→ Work to complete
The records below are to be transcribed exactly from their first line to the line that has "- مستويات مقاومة", inclusive, with every picture omitted.
---------- Supplied entries
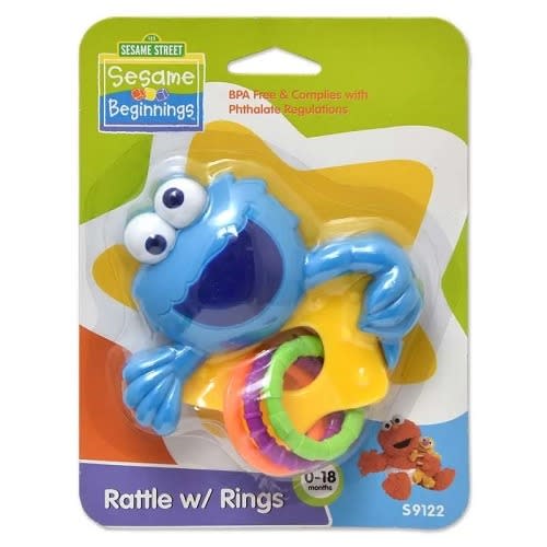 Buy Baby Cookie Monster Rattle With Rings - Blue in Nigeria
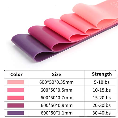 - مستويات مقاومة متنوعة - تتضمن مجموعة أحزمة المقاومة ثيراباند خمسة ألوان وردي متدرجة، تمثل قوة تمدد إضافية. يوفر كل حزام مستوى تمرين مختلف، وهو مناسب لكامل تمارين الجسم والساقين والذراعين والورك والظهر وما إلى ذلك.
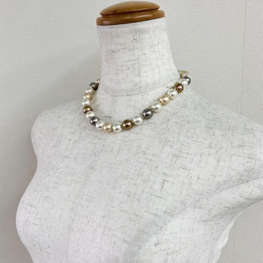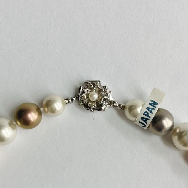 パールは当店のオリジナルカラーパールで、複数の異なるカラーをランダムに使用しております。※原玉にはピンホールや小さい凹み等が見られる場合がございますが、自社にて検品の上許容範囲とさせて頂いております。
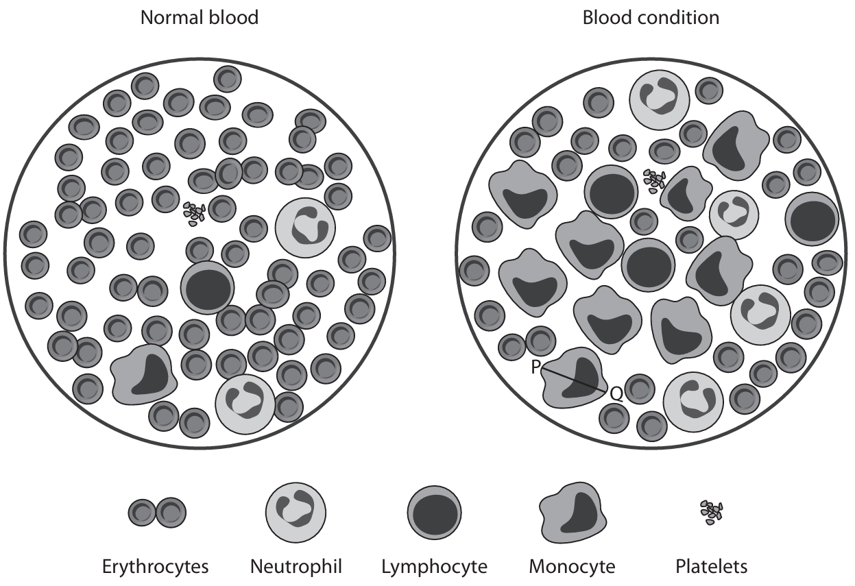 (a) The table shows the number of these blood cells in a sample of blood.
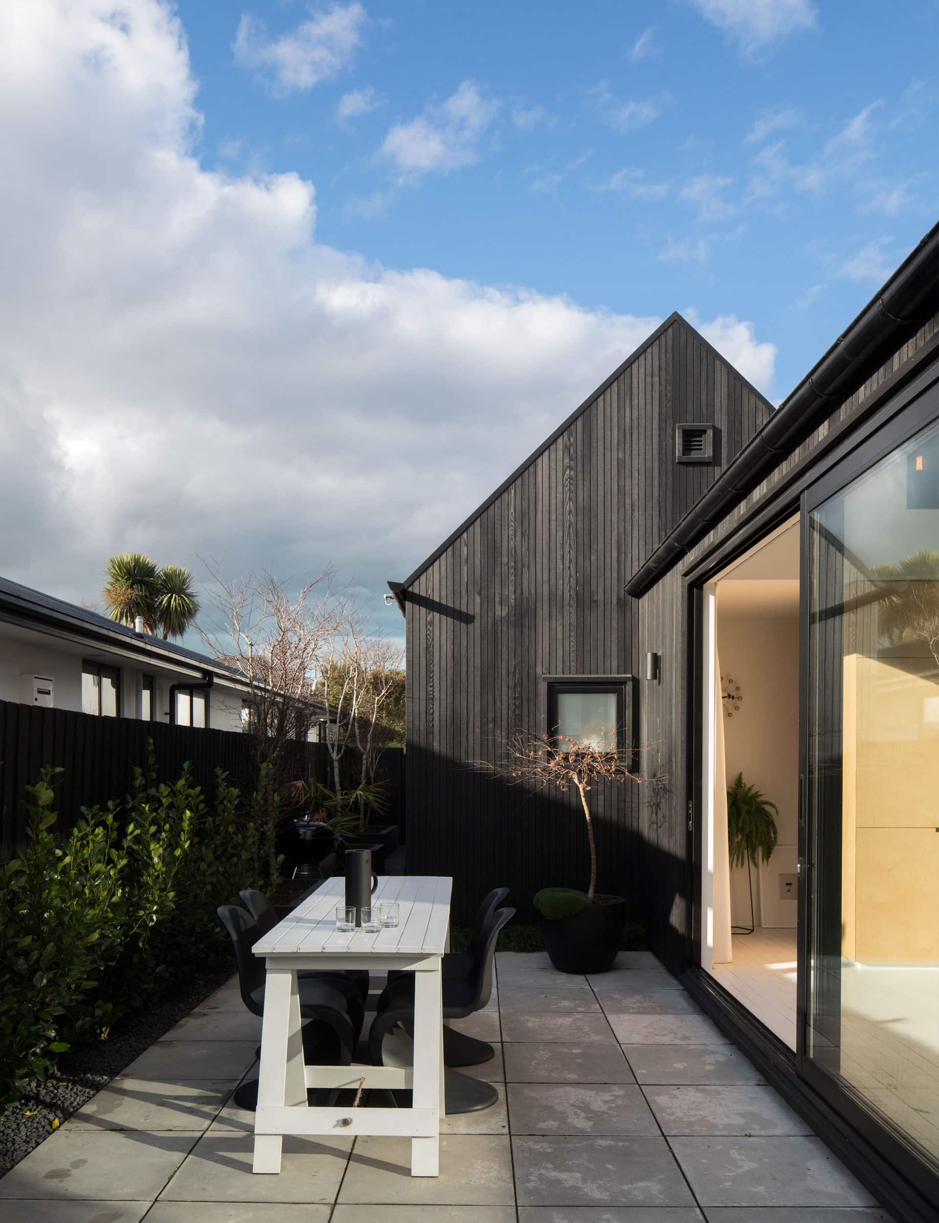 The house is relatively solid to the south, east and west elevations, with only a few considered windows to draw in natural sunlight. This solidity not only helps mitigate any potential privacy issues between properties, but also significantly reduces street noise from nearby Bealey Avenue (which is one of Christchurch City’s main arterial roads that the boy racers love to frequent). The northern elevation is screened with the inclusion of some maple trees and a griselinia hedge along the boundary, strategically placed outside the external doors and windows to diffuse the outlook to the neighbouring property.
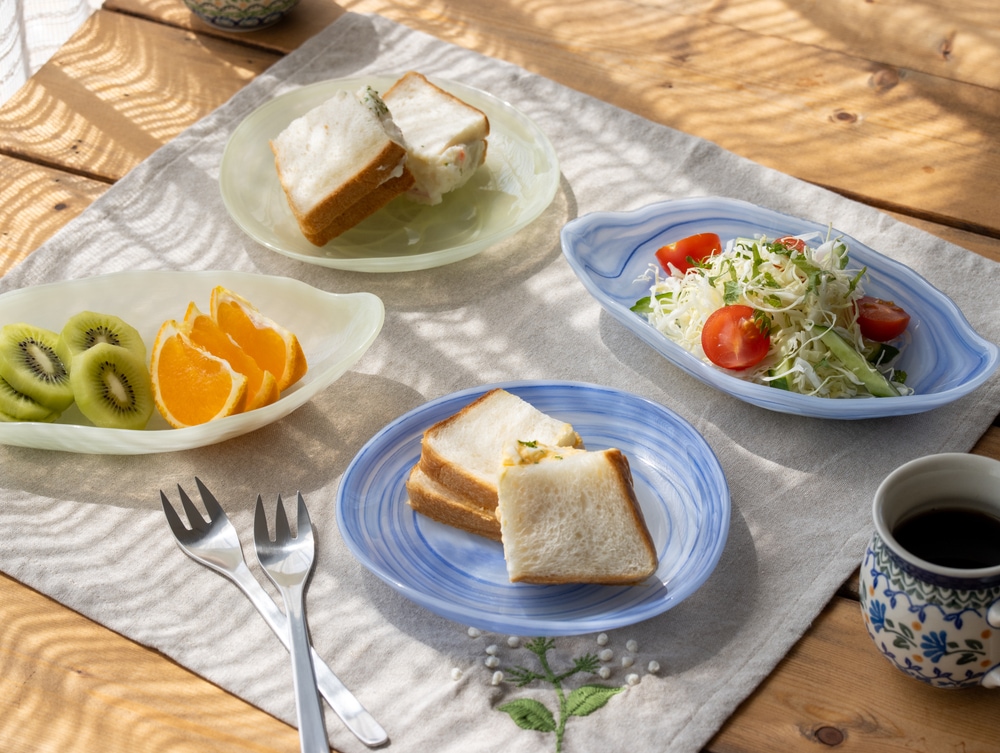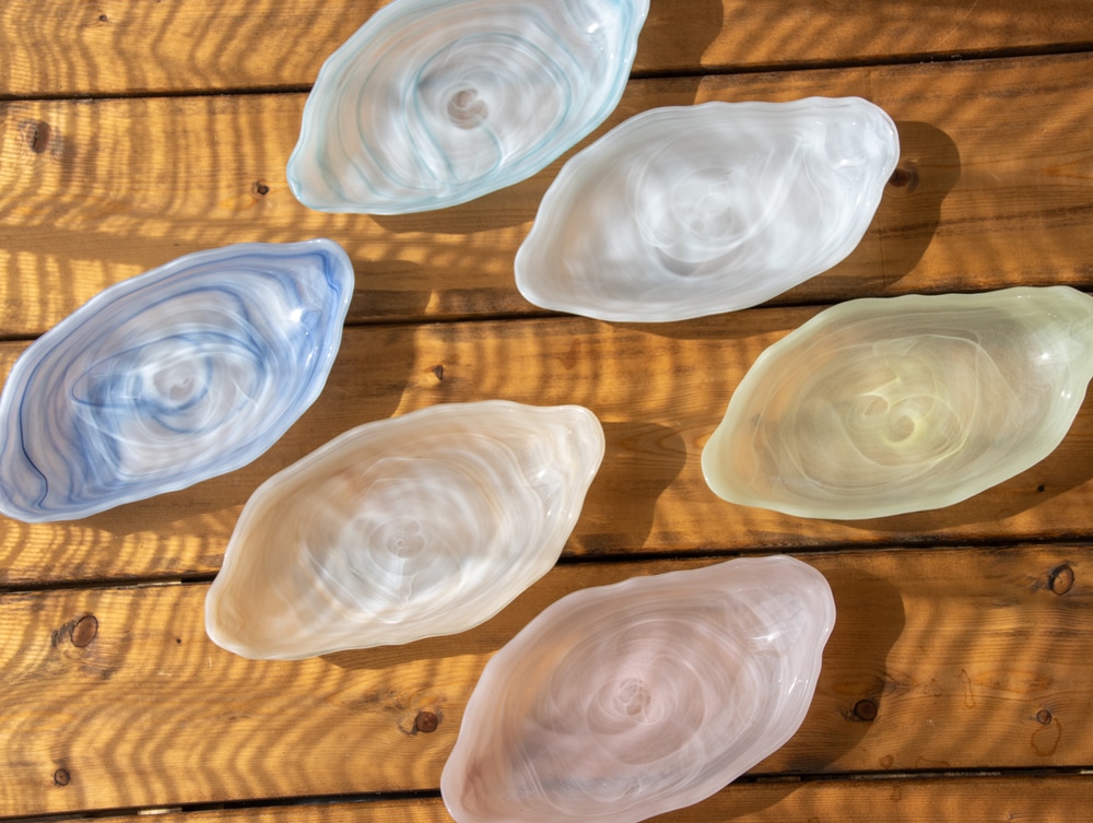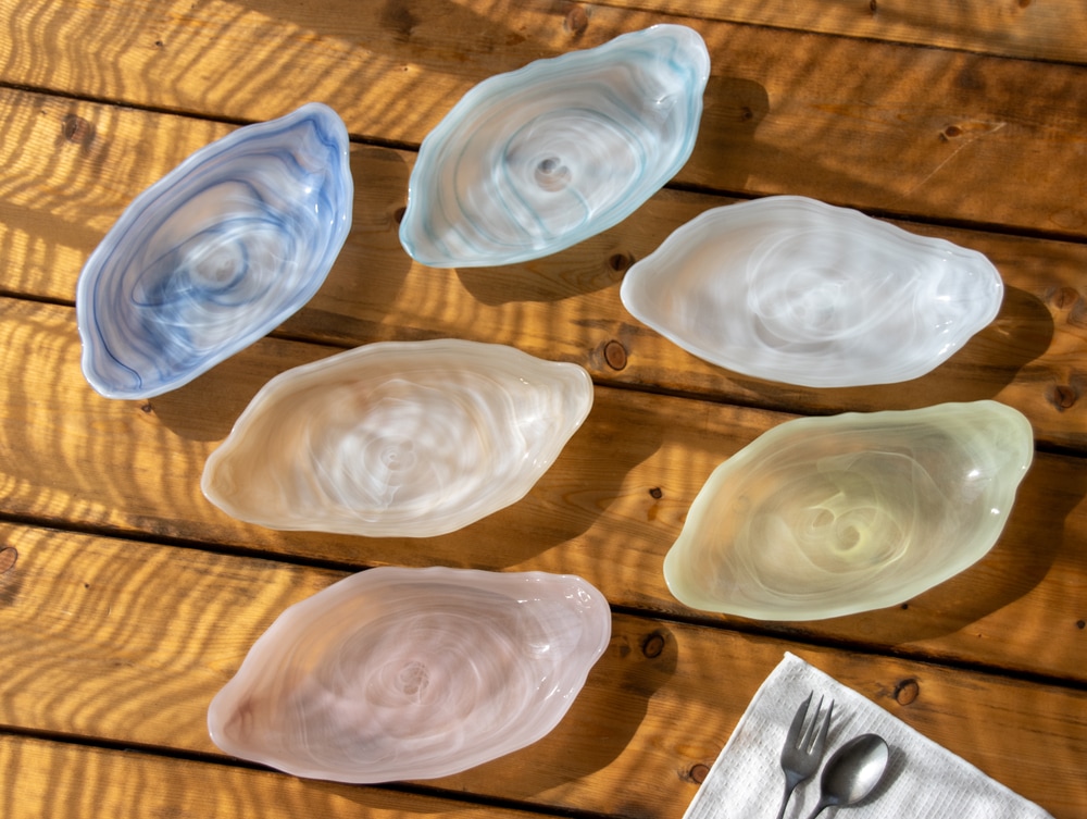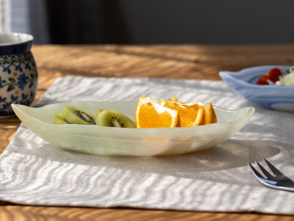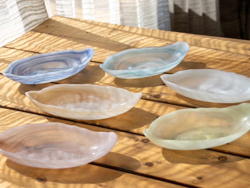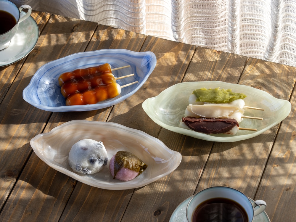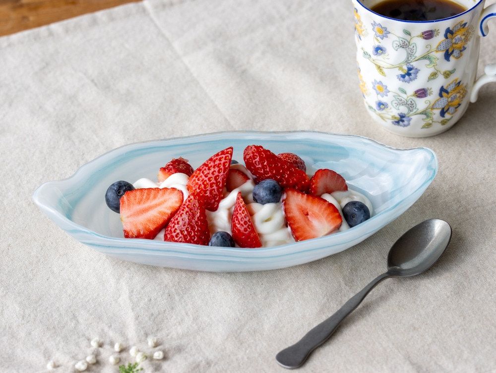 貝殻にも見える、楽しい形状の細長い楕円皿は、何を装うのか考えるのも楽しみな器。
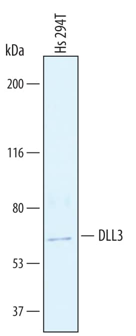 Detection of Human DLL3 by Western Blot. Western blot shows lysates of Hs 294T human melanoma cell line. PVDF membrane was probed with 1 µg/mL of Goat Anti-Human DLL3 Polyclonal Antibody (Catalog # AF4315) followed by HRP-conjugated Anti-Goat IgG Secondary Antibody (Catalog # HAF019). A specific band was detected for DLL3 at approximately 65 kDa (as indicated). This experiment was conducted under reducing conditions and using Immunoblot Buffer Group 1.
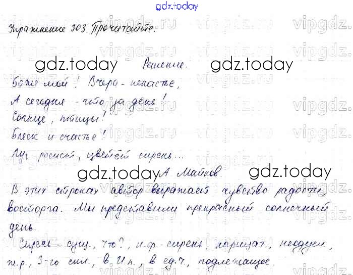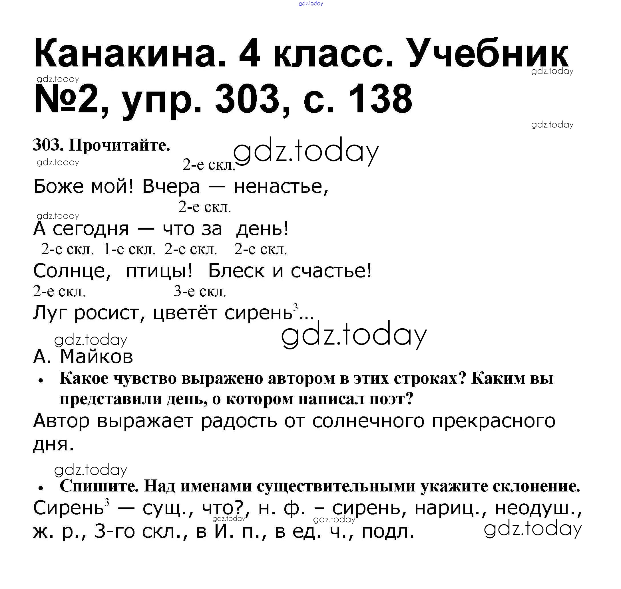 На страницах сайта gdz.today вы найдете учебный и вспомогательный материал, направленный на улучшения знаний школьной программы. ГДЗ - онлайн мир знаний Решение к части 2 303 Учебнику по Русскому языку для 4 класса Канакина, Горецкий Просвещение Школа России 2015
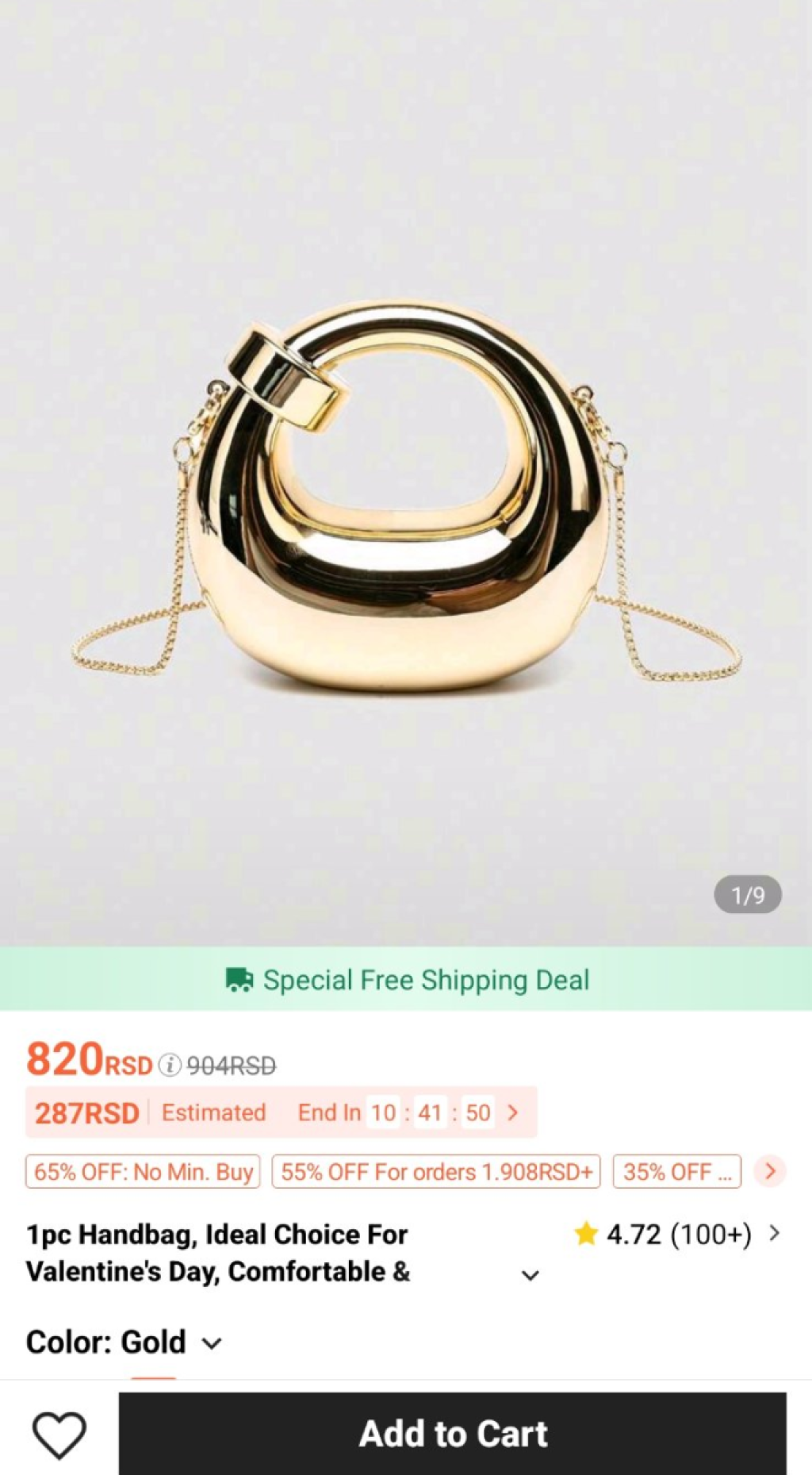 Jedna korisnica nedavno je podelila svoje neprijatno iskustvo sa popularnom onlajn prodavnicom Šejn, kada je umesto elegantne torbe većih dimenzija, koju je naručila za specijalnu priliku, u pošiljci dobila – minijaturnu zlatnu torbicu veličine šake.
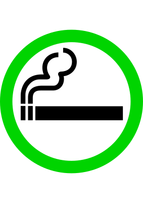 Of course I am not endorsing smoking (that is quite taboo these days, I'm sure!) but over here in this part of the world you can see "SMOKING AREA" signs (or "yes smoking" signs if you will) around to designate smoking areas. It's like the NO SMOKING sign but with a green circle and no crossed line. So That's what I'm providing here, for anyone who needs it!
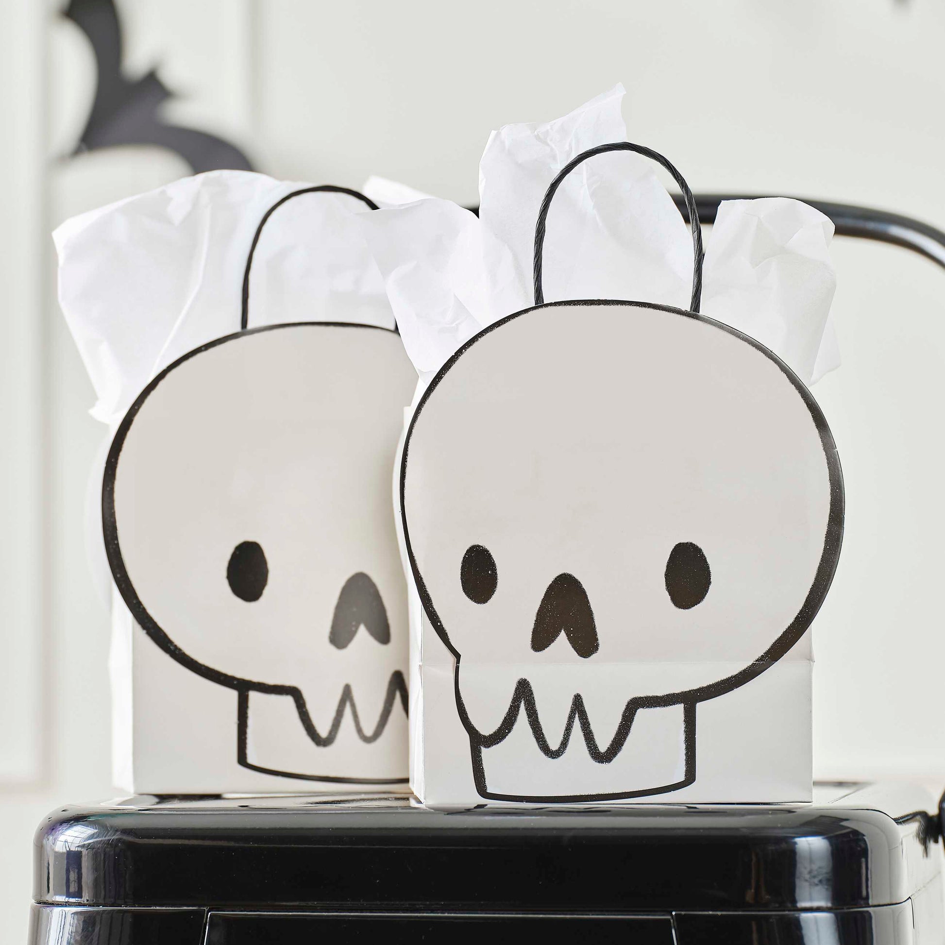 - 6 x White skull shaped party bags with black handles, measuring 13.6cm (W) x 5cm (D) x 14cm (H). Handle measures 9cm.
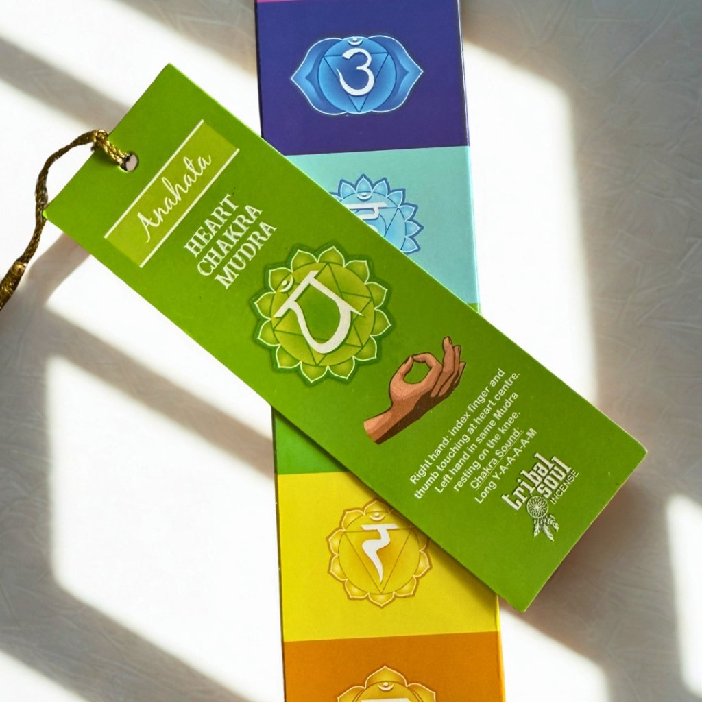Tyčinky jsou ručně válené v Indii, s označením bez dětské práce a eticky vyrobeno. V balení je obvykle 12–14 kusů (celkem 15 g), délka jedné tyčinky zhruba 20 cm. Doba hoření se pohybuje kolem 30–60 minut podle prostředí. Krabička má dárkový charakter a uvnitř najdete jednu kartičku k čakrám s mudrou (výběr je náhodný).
--------------------
→ Exercise output
 Buy Baby Cookie Monster Rattle With Rings - Blue in Nigeria
 - مستويات مقاومة متنوعة - تتضمن مجموعة أحزمة المقاومة ثيراباند خمسة ألوان وردي متدرجة، تمثل قوة تمدد إضافية. يوفر كل حزام مستوى تمرين مختلف، وهو مناسب لكامل تمارين الجسم والساقين والذراعين والورك والظهر وما إلى ذلك.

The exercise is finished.